Records provided →

------------

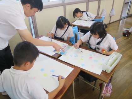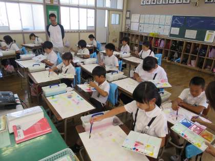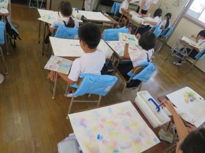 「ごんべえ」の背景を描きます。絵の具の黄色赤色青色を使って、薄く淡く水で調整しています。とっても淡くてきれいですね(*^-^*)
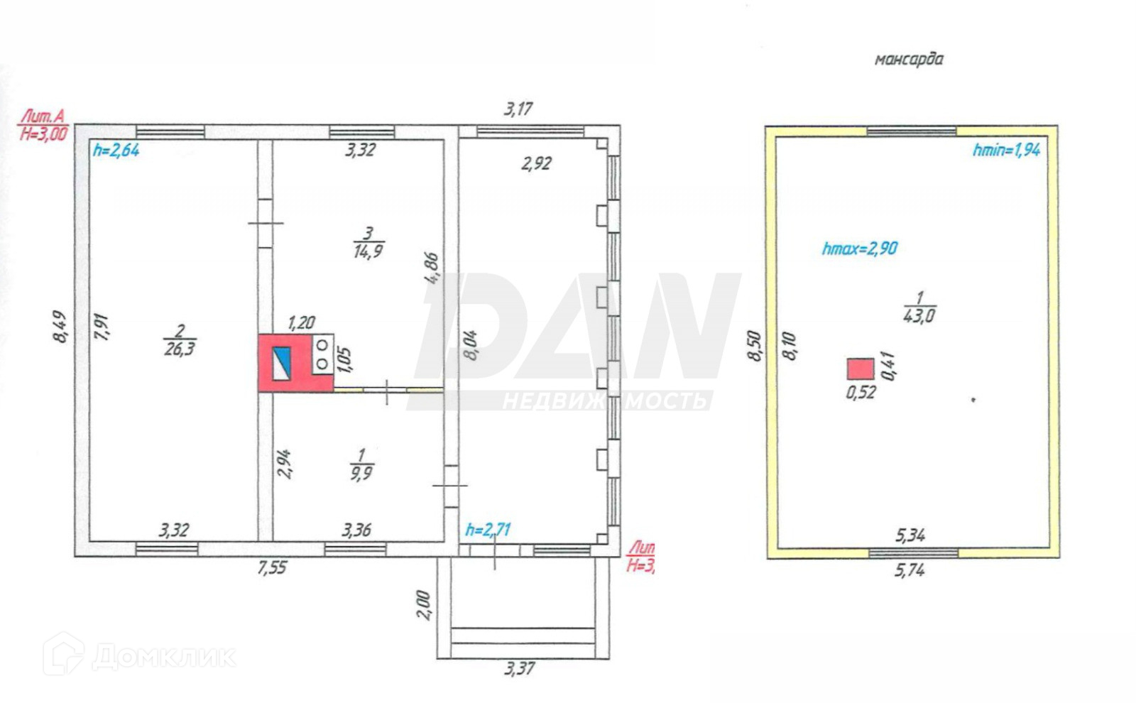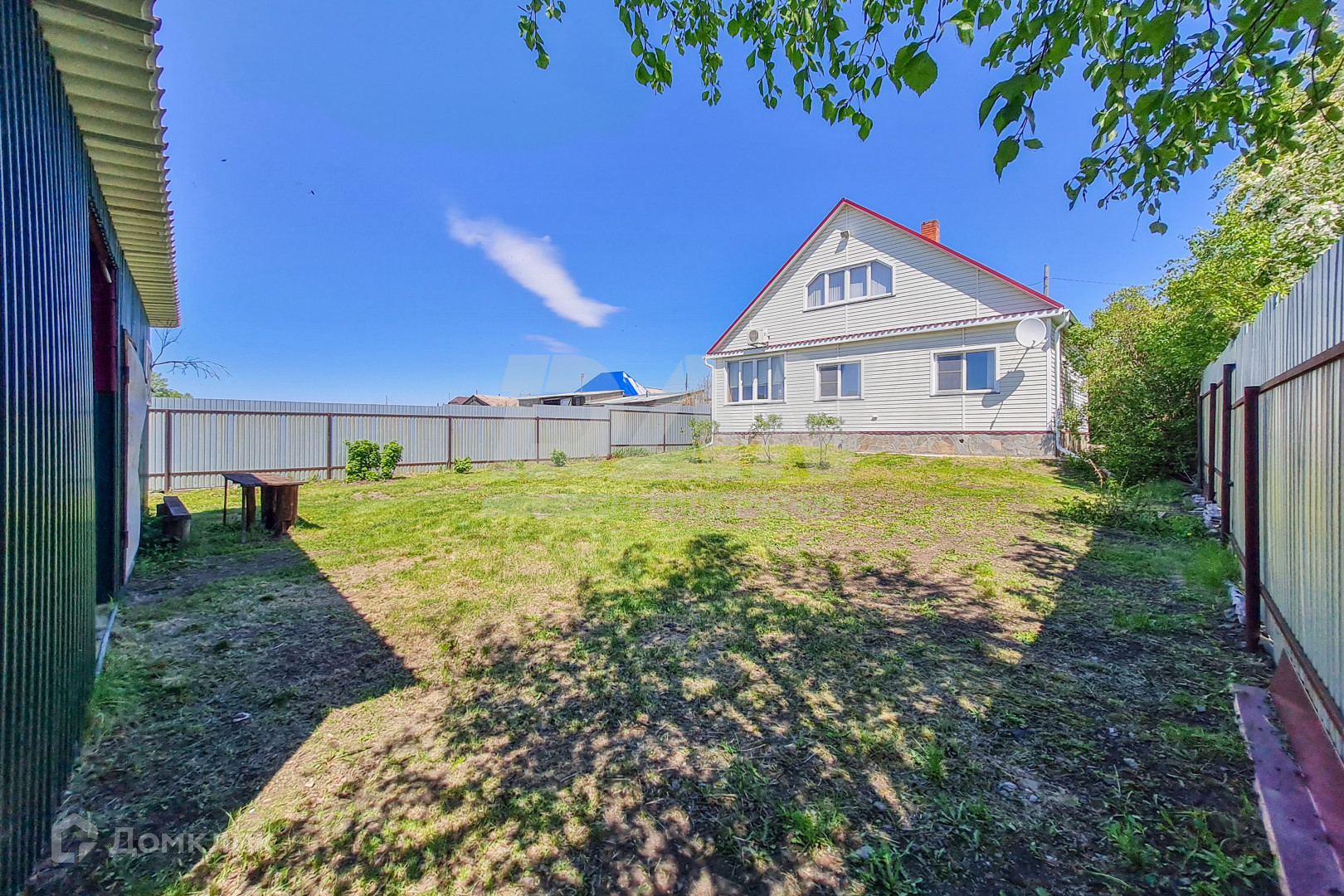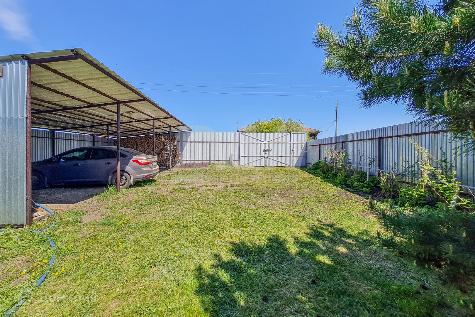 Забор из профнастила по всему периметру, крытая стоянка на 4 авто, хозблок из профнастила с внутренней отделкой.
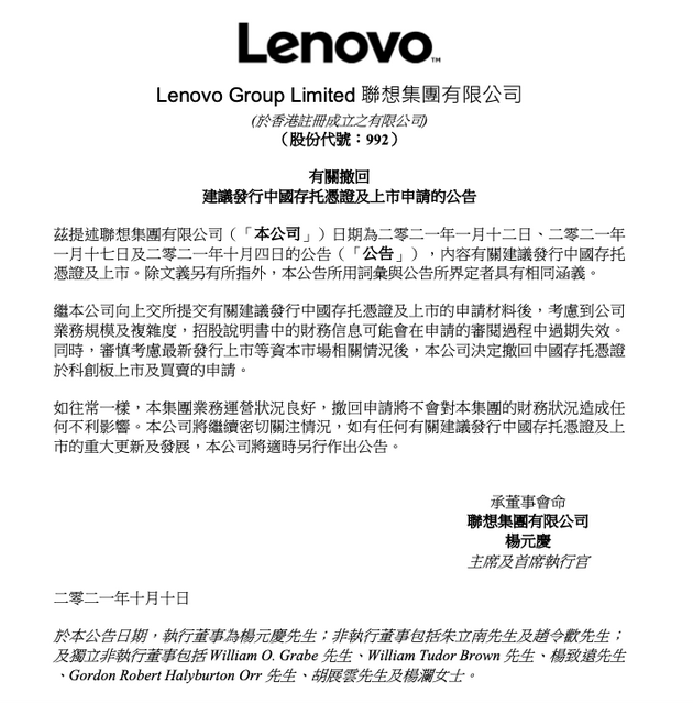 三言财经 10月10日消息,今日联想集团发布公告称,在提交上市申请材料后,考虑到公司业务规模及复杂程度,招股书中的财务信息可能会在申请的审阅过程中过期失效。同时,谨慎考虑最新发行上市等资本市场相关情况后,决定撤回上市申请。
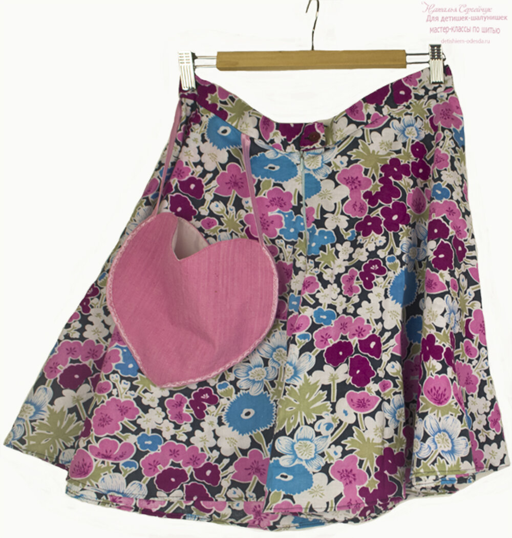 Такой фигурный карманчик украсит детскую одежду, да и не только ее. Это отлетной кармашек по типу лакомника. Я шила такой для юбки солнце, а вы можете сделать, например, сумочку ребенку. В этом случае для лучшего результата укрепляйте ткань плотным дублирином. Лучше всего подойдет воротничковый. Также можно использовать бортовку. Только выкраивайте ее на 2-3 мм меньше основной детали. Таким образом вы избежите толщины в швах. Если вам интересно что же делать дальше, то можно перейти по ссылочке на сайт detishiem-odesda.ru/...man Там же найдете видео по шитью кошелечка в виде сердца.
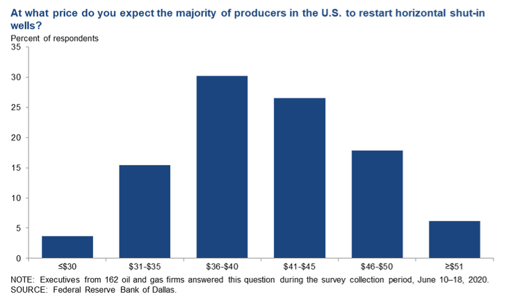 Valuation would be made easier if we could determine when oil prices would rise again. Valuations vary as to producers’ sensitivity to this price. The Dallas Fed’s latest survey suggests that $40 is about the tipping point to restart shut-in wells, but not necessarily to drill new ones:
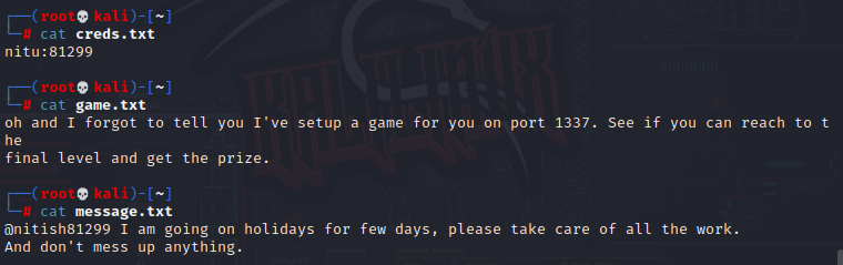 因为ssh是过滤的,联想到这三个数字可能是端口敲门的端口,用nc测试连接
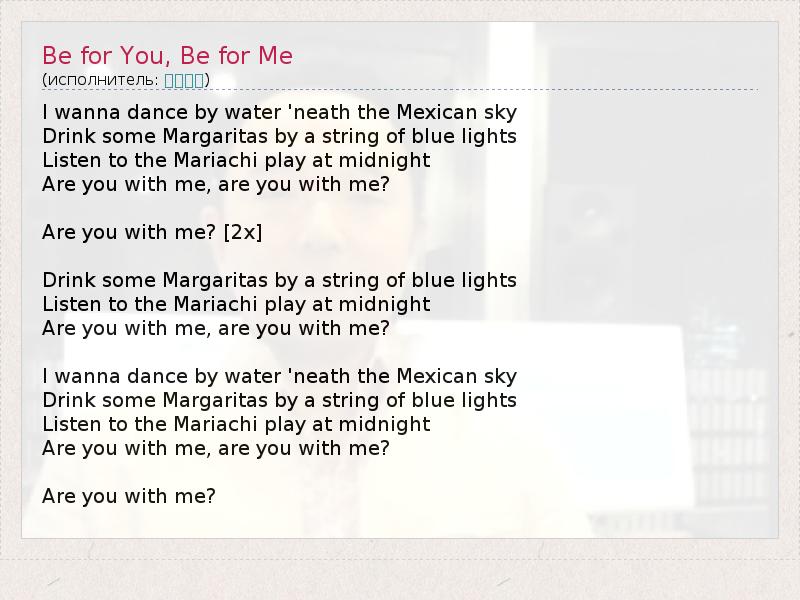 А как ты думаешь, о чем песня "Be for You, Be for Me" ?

------------

Instructions for the task →
Every last line above must be reproduced as written, and no pictures belong in the copy.

Answer section →
 「ごんべえ」の背景を描きます。絵の具の黄色赤色青色を使って、薄く淡く水で調整しています。とっても淡くてきれいですね(*^-^*)
 Забор из профнастила по всему периметру, крытая стоянка на 4 авто, хозблок из профнастила с внутренней отделкой.
 三言财经 10月10日消息,今日联想集团发布公告称,在提交上市申请材料后,考虑到公司业务规模及复杂程度,招股书中的财务信息可能会在申请的审阅过程中过期失效。同时,谨慎考虑最新发行上市等资本市场相关情况后,决定撤回上市申请。
 Такой фигурный карманчик украсит детскую одежду, да и не только ее. Это отлетной кармашек по типу лакомника. Я шила такой для юбки солнце, а вы можете сделать, например, сумочку ребенку. В этом случае для лучшего результата укрепляйте ткань плотным дублирином. Лучше всего подойдет воротничковый. Также можно использовать бортовку. Только выкраивайте ее на 2-3 мм меньше основной детали. Таким образом вы избежите толщины в швах. Если вам интересно что же делать дальше, то можно перейти по ссылочке на сайт detishiem-odesda.ru/...man Там же найдете видео по шитью кошелечка в виде сердца.
 Valuation would be made easier if we could determine when oil prices would rise again. Valuations vary as to producers’ sensitivity to this price. The Dallas Fed’s latest survey suggests that $40 is about the tipping point to restart shut-in wells, but not necessarily to drill new ones:
 因为ssh是过滤的,联想到这三个数字可能是端口敲门的端口,用nc测试连接
 А как ты думаешь, о чем песня "Be for You, Be for Me" ?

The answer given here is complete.